We attempted to restrict our training dataset to patients with sepsis and to exclude patients with limitations and withdrawal of active treatment, as described in the original publication.6 As a consequence, occurrences of human underdosing or overdosing should mainly be due to external factors such as time pressure, resources or other factors that are not recorded in the dataset. However, despite our efforts to exclude these patients, some end-of-life patients in whom hypotension was left untreated will have been included. These would have: (1) artificially increased the proportion of unsafe decisions and (2) perverted correct AI model learning. Furthermore, the training data will most probably contain patients who may have had indications of unusual management. It is likely that some of the decisions labelled as unsafe were done knowingly by clinicians, for specific clinical indications. For example, patients with subarachnoid haemorrhage and cerebral vasospasm may be administered vasopressors to achieve an abnormally elevated blood pressure.

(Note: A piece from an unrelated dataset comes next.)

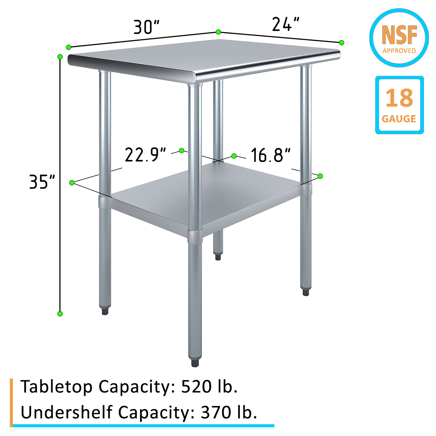The spacious 24″ x 30″ tabletop provides ample workspace for a variety of tasks, including food preparation, equipment handling, and general workspace organization. Its smooth, polished surface is easy to clean and maintain, ensuring a hygienic environment that meets the high standards of any commercial setting.

Other important components of the AMLAS methodology were not addressed in this project, including data management and model deployment testing ‘in the field’, which are also two crucial components of the TPLC. The data management process includes activities such as evaluating the data balance, accuracy and completeness, which was detailed in the original AI Clinician publication.6 As the aim for model deployment testing is to gather further safety evidence to support the transition towards operational evaluation and use of the system, it is best carried out following further retrospective model validation.
An emerging new avenue in the field is to augment AI models so that they can quantify their own confidence or uncertainty over their recommendations.19 Going forward, it may be helpful to algorithmically combine the communication of uncertainty that a system has about itself, which reflects the risk of unwanted behaviour as we have shown in other domains of risk-aware control by medical devices,20 with its safety features, that we have shown here.
Before widespread clinical adoption, more work is required to further assess the tool in its operational clinical context and submit it to the appraisal of bedside practitioners. Particularly, end users’ decision to act on or dismiss AI recommendations may be attached to some human-centred AI design characteristics and the degree of AI explainability.21 22 Human factor aspects are central in AI-based decision support systems in safety critical applications,23 prompting us to keep actively engineering safety into AI systems.